[Opening STORED DATA section]

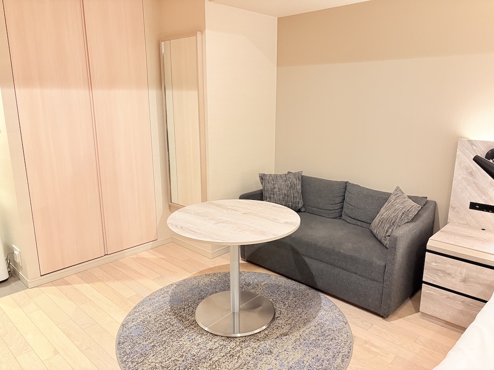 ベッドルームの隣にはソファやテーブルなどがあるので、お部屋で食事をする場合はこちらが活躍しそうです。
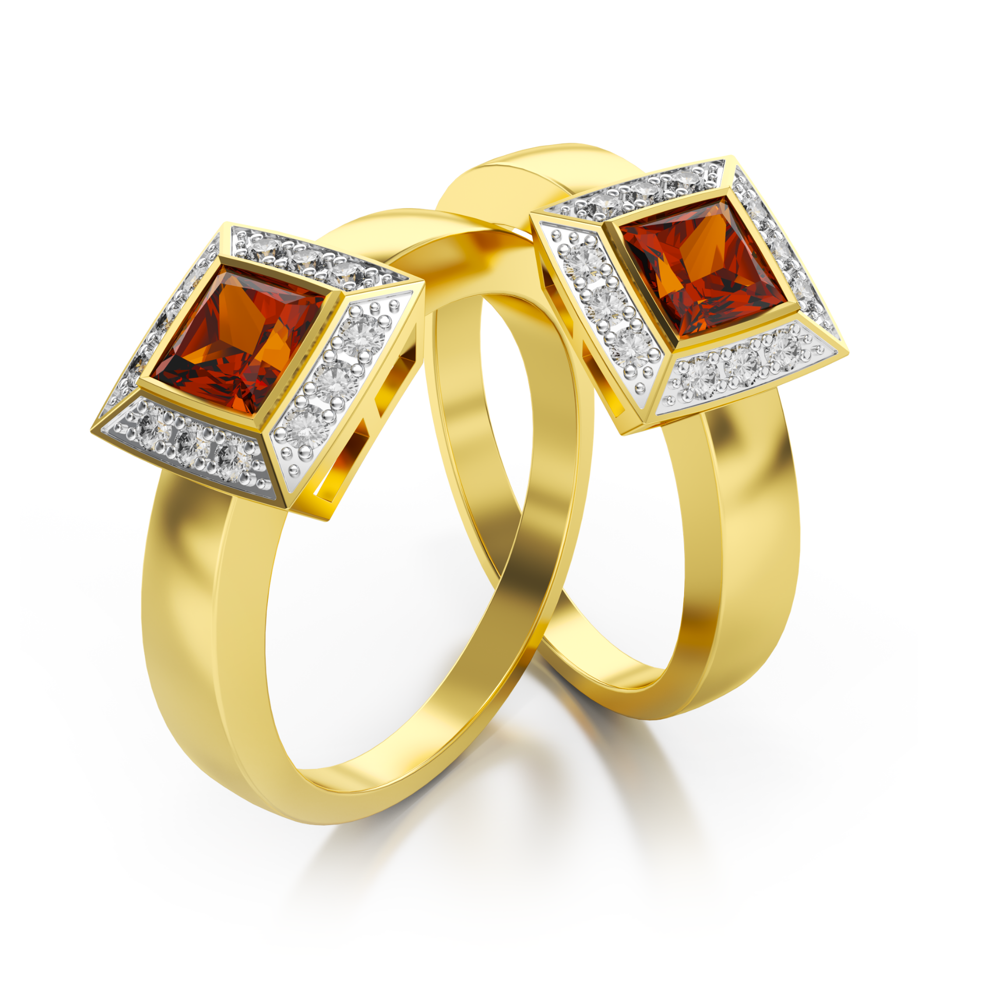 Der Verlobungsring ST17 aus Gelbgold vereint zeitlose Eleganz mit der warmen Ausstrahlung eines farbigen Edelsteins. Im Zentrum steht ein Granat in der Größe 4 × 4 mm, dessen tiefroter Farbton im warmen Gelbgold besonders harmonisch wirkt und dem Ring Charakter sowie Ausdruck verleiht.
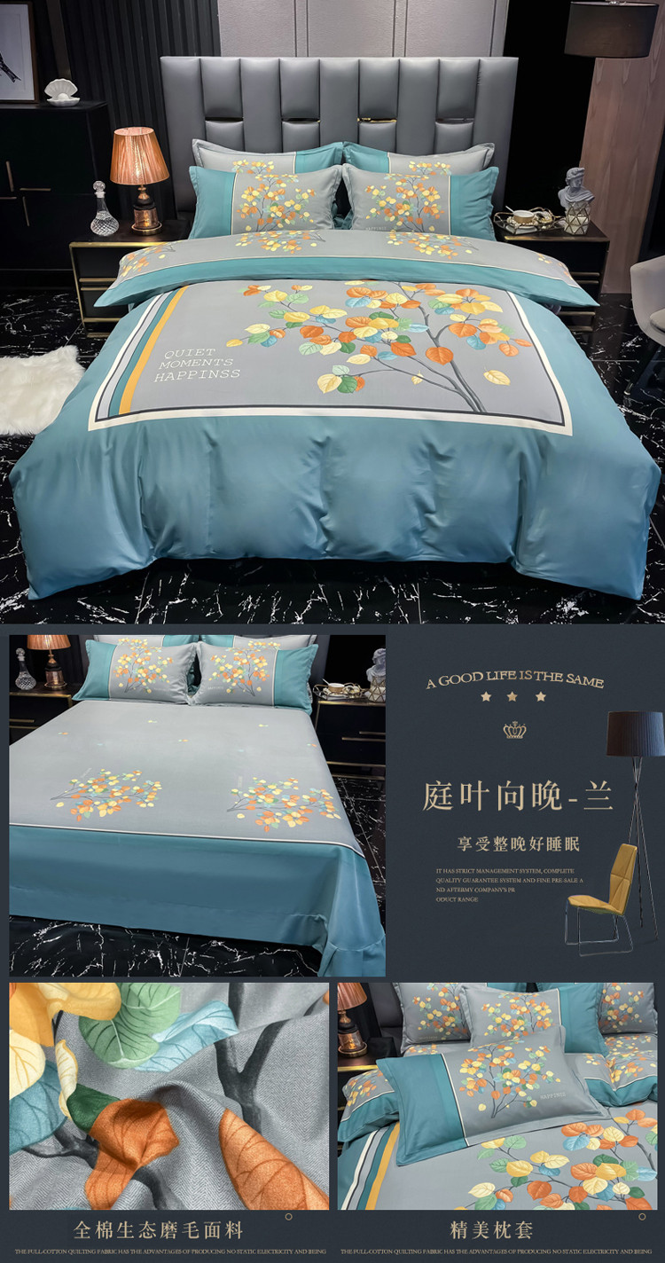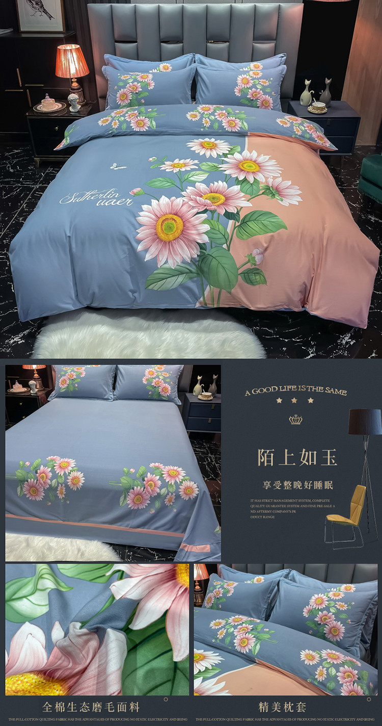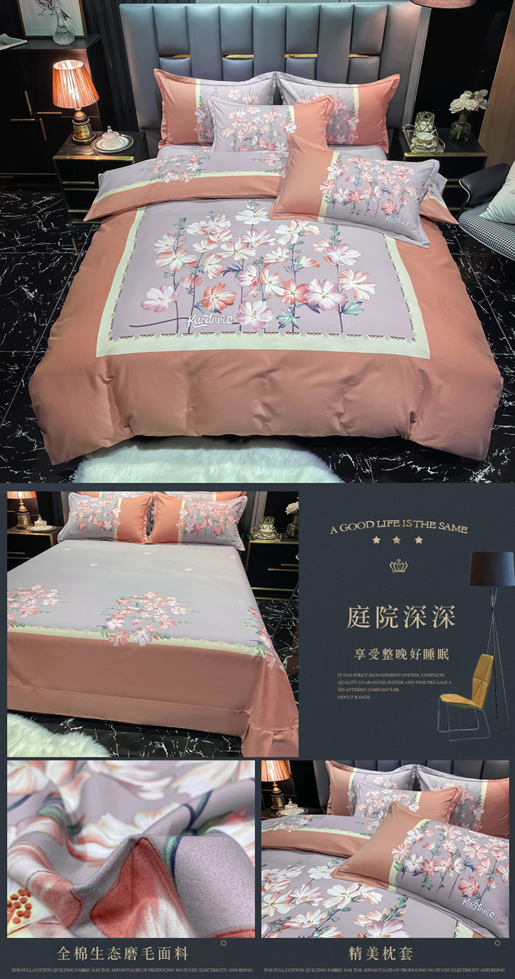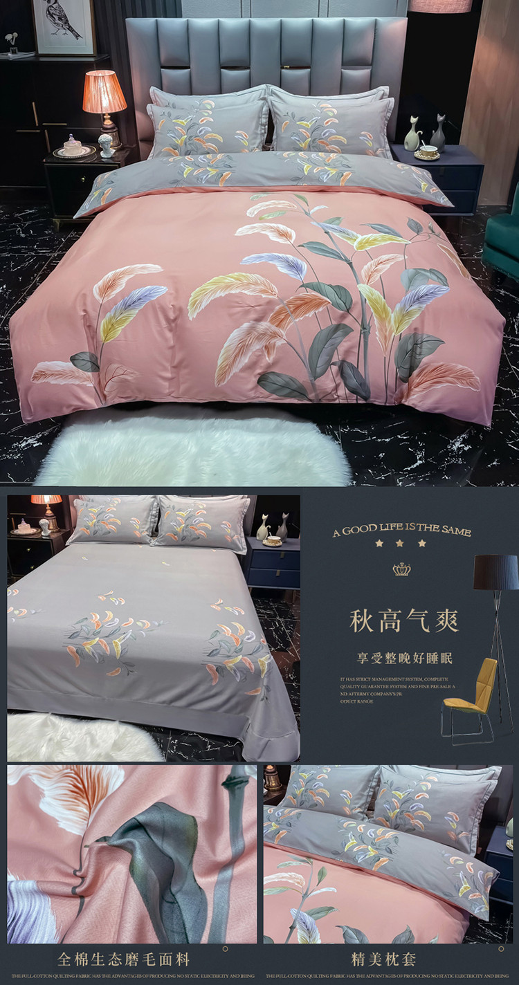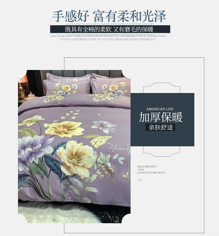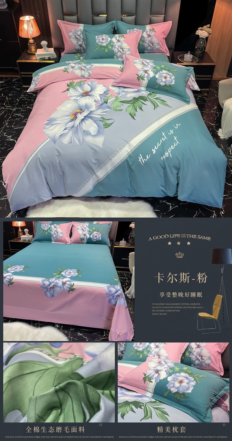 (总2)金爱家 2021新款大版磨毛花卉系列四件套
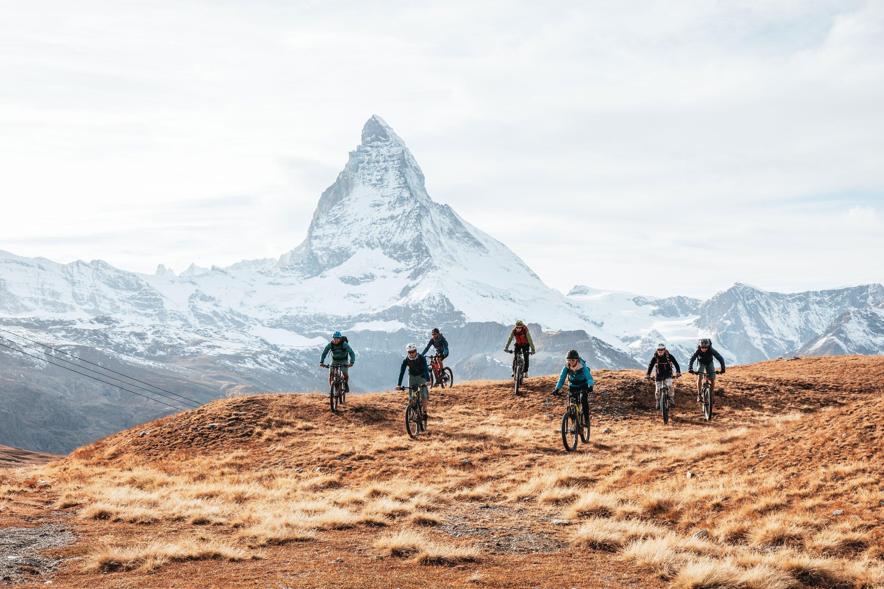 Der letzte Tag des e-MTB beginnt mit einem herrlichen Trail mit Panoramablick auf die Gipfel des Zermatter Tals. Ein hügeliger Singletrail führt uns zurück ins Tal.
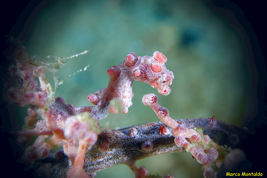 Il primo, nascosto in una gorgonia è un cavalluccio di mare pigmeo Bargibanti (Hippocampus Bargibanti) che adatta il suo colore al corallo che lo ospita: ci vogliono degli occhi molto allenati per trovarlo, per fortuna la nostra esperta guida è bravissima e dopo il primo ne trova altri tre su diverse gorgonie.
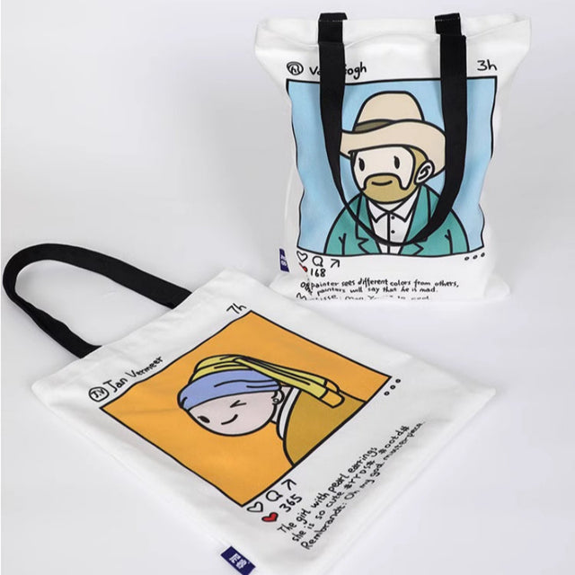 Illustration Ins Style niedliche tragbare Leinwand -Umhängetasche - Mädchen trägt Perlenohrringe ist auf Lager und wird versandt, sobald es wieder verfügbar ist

[Closing STORED DATA section]

YOUR GOAL> Skip the pictures and transcribe the rest of the records exactly.

EXERCISE RESPONSE>
 ベッドルームの隣にはソファやテーブルなどがあるので、お部屋で食事をする場合はこちらが活躍しそうです。
 Der Verlobungsring ST17 aus Gelbgold vereint zeitlose Eleganz mit der warmen Ausstrahlung eines farbigen Edelsteins. Im Zentrum steht ein Granat in der Größe 4 × 4 mm, dessen tiefroter Farbton im warmen Gelbgold besonders harmonisch wirkt und dem Ring Charakter sowie Ausdruck verleiht.
 (总2)金爱家 2021新款大版磨毛花卉系列四件套
 Der letzte Tag des e-MTB beginnt mit einem herrlichen Trail mit Panoramablick auf die Gipfel des Zermatter Tals. Ein hügeliger Singletrail führt uns zurück ins Tal.
 Il primo, nascosto in una gorgonia è un cavalluccio di mare pigmeo Bargibanti (Hippocampus Bargibanti) che adatta il suo colore al corallo che lo ospita: ci vogliono degli occhi molto allenati per trovarlo, per fortuna la nostra esperta guida è bravissima e dopo il primo ne trova altri tre su diverse gorgonie.
 Illustration Ins Style niedliche tragbare Leinwand -Umhängetasche - Mädchen trägt Perlenohrringe ist auf Lager und wird versandt, sobald es wieder verfügbar ist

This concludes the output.